Example 10. Identification of Regeneration Capacity of miR528 CRISPR/Cas9 Gene-Edited Panicum virgatum and Leymus chinensis

[0071] The top parts of 4-month-old seedlings of miR528-knockout transgenic Panicum virgatum, cultured in vermiculite nutrient soil, were uniformly mowed, leaving only 15 cm-long stems above ground. Each plant was cut into equal sections from the roots, replanted and cultured in the vermiculite nutrient soil, and the phenotype was checked for new tillers after one and two weeks, respectively.

[0072] As shown in FIG. 10, the transgenic Panicum virgatum with miR528 knockout exhibited a faster budding rate, indicating that the transgenic Panicum virgatum with miR528 knockout had a stronger regeneration capacity after mowing.

[0073] A single tiller of the miR528 knockout transgenic Leymus chinensis, grown in the nutrient soil for 6 months, was kept and transplanted into new vermiculite nutrient soil.
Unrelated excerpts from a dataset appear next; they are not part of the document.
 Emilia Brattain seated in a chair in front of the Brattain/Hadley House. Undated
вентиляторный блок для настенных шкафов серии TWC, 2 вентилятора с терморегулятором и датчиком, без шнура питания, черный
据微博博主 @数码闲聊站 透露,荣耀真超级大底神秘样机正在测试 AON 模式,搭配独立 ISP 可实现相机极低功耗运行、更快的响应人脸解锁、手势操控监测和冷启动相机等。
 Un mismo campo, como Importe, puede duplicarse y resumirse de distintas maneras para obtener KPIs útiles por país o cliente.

The phenotype was checked for new tillers one month and two months later, respectively.

[0074] As shown in FIG. 11, the miR528 knockout transgenic Leymus chinensis exhibited a stronger regeneration capacity and a higher number of tillers, indicating that miR528 knockout could enhance regeneration capacity and tillering capacity of Leymus chinensis.
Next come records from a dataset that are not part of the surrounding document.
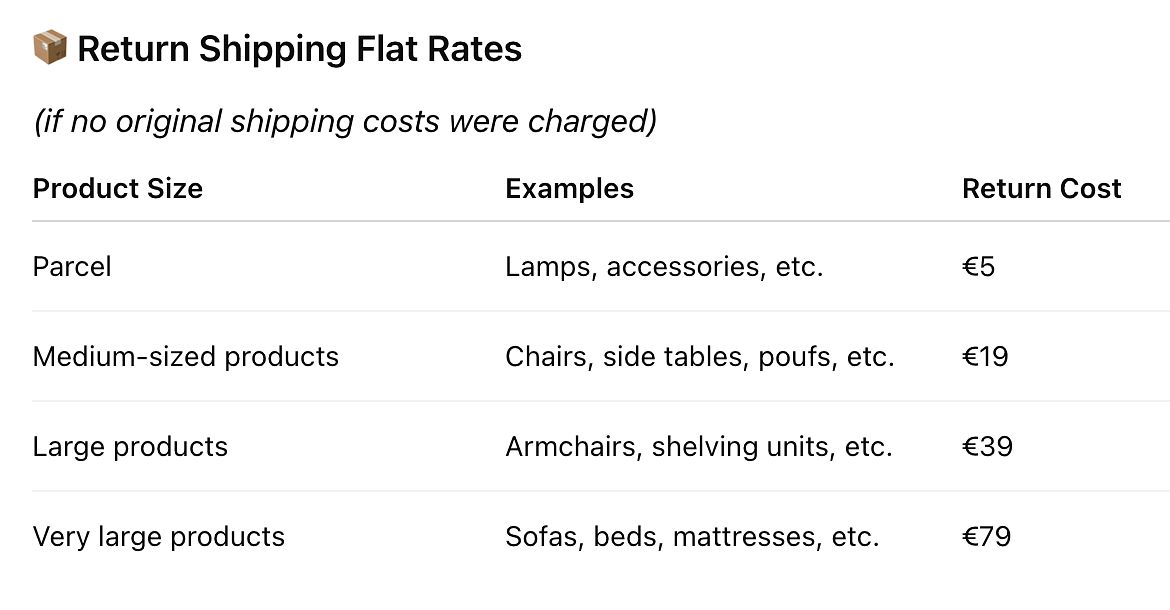 For example, if you buy a lamp for €49 and pay €5 for delivery, we will refund you €49 after we have received the return. If your order incurred no delivery costs, the return cost depends on the size of the product you wish to send back.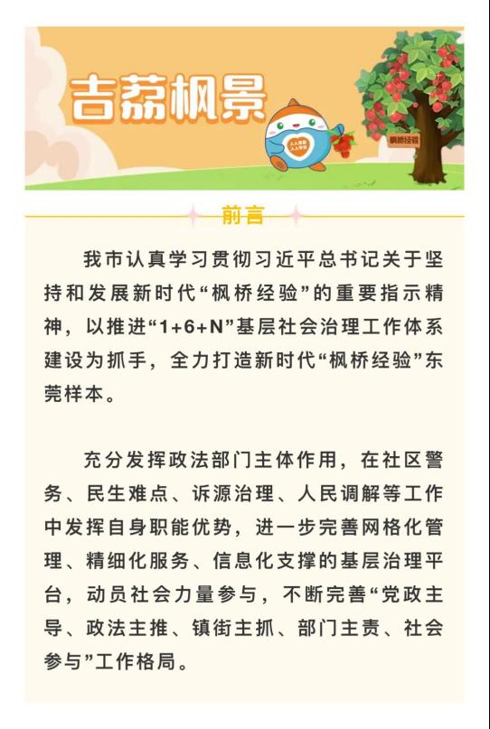 广东省东莞市委政法委打造“吉荔枫景”“旗峰义勇”“阳光明媚”等具有东莞特色的宣传栏目,推动大量鲜活的政法故事在网络刷屏,持续擦亮“东莞政法”宣传品牌,为法治东莞、平安东莞建设营造良好宣传舆论氛围。
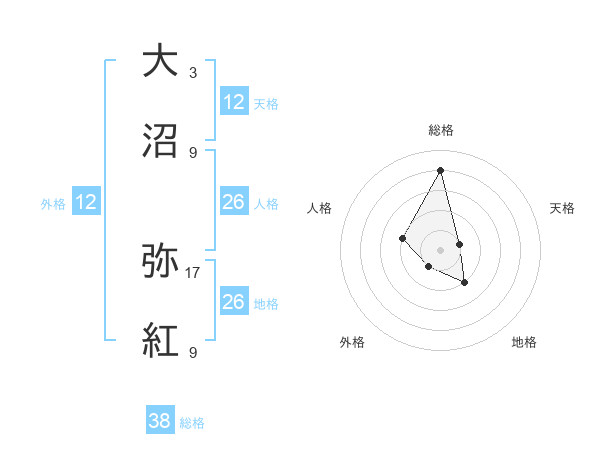 大沼 弥紅さんを姓名の画数から五運を鑑定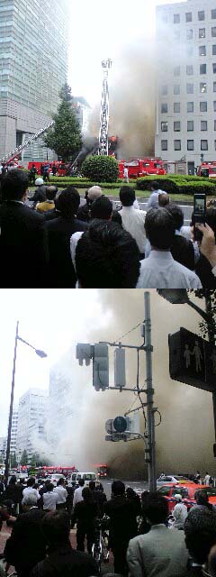 オフィス街なので、あっという間のひとだかり。幸いけが人もなく、知人のビルも燃えなかったそうです。しかし、午後は部屋が煙り臭くなって入れなかったって。スーツにも強烈な煙のにおいが付いてすぐクリーニング。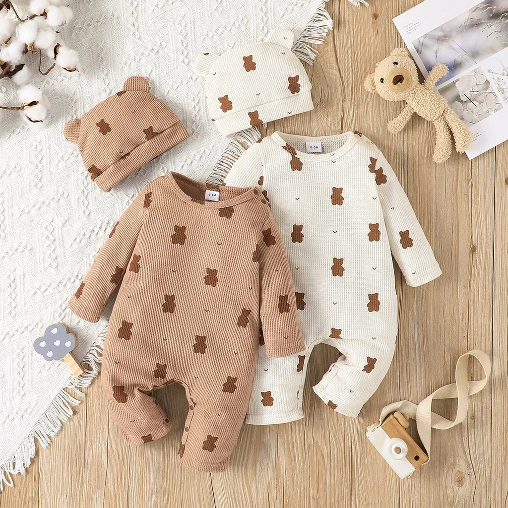 Cartoon Bear Long Sleeve Onesies Set - Unisex Newborn Romper

[0075] The embodiments described herein are for illustration purpose only (as examples), and various modifications or changes made by skilled individuals should also be considered within the essential scope of the patent application.

INDUSTRIAL APPLICABILITY

[0076] The invention provides the application of miR528 in the production and breeding of gramineous forage grasses. By down-regulating the expression and/or function of miR528 in gramineous forage grasses, the tiller number and regeneration capacity of gramineous forage grasses can be significantly improved, thereby contributing to the production and breeding of gramineous forage grasses, making the invention suitable for industrial applications.